§ WHAT TO WORK ON:
From the line containing "4. Scroll down" to the line containing "Venant rayonner sur" in the entries below, reproduce every line exactly, ends included. Nothing else belongs in the copy, and no pictures.

§ PROVIDED RECORDS:
^^^^^^^^

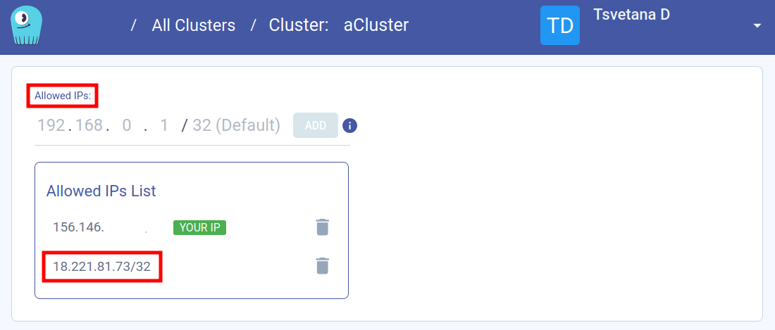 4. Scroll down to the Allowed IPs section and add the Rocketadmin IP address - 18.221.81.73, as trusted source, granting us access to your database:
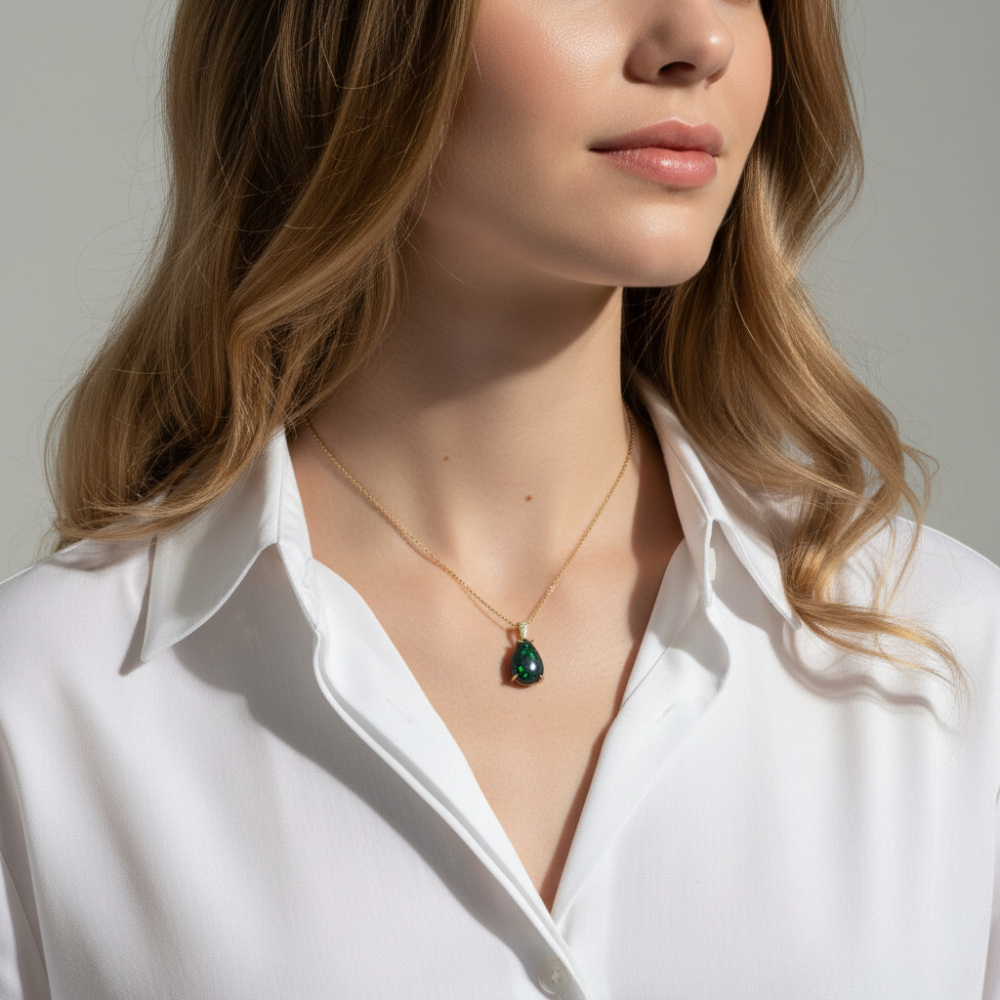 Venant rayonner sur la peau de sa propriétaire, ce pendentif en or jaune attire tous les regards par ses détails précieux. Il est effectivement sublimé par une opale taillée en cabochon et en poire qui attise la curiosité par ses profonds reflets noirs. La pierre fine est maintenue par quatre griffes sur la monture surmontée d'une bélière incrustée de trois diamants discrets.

^^^^^^^^

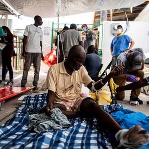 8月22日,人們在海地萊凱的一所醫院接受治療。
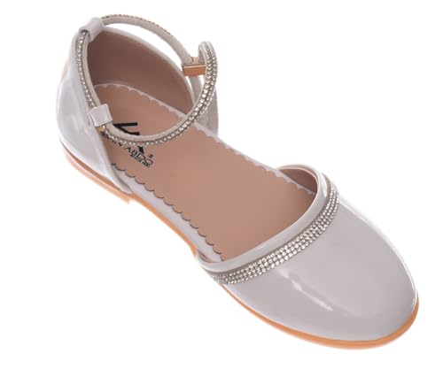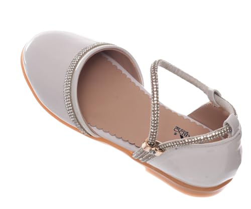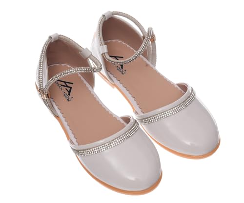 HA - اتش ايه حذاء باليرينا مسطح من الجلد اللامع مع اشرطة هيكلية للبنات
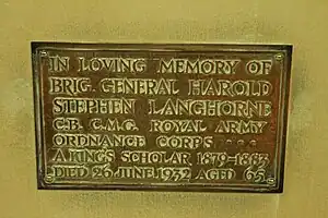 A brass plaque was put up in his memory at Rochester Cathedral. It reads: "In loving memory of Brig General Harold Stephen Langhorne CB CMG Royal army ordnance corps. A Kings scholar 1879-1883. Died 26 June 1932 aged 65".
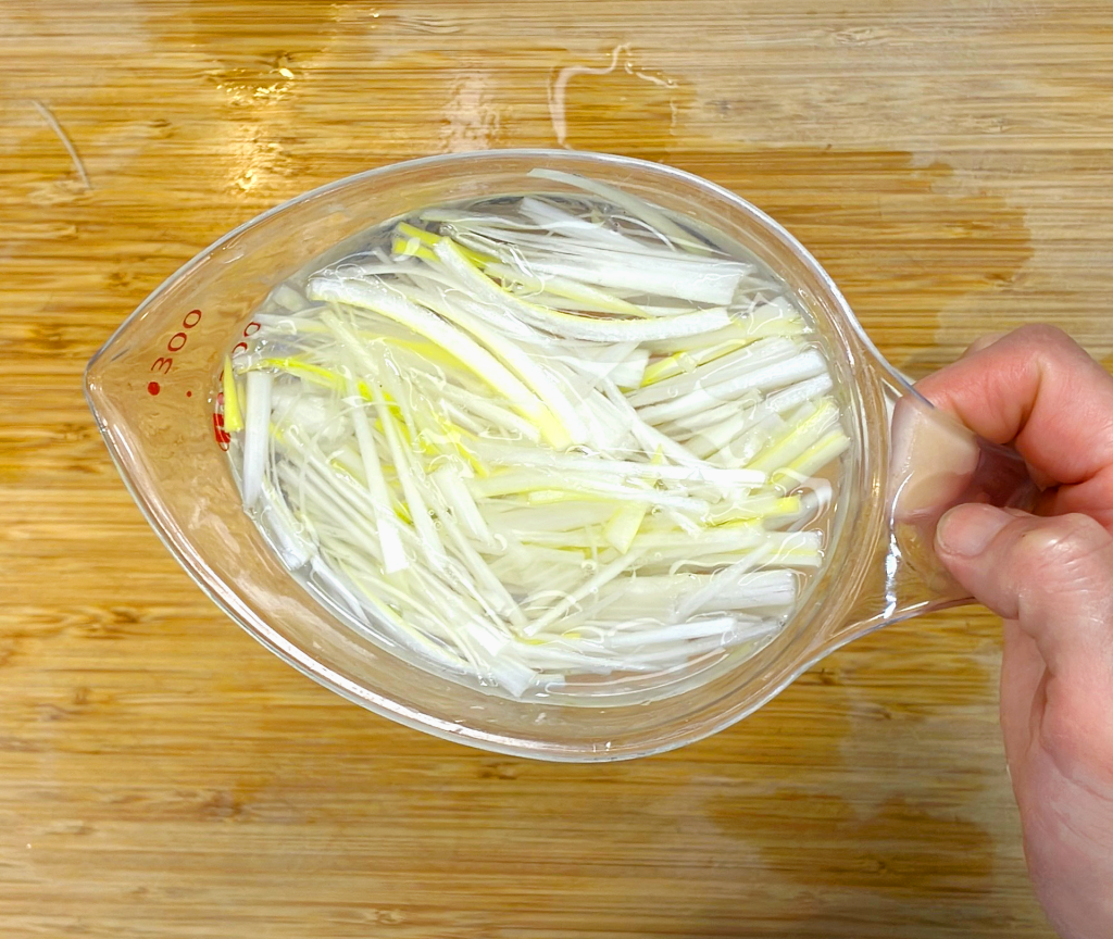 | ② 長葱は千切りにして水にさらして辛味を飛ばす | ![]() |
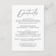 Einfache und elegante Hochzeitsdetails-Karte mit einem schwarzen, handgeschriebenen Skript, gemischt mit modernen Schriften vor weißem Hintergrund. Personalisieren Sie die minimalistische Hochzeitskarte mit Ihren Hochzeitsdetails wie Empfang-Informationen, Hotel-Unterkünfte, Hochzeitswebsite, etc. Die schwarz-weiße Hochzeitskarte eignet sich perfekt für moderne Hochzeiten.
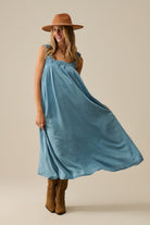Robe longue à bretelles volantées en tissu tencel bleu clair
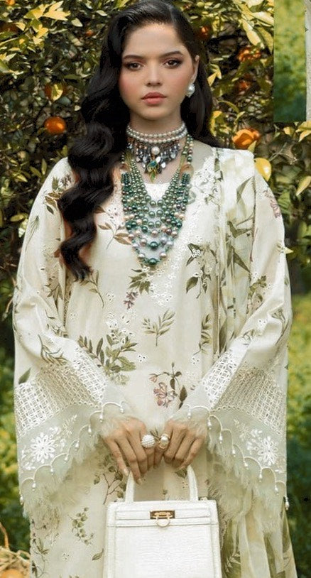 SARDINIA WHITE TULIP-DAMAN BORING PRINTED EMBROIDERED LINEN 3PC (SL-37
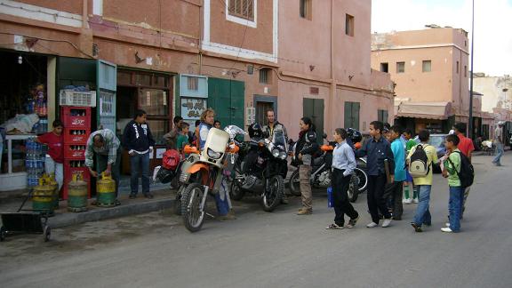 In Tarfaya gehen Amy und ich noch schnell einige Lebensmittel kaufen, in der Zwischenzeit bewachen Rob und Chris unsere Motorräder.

^^^^^^^^

§ COMPLETED TASK:
 4. Scroll down to the Allowed IPs section and add the Rocketadmin IP address - 18.221.81.73, as trusted source, granting us access to your database:
 Venant rayonner sur la peau de sa propriétaire, ce pendentif en or jaune attire tous les regards par ses détails précieux. Il est effectivement sublimé par une opale taillée en cabochon et en poire qui attise la curiosité par ses profonds reflets noirs. La pierre fine est maintenue par quatre griffes sur la monture surmontée d'une bélière incrustée de trois diamants discrets.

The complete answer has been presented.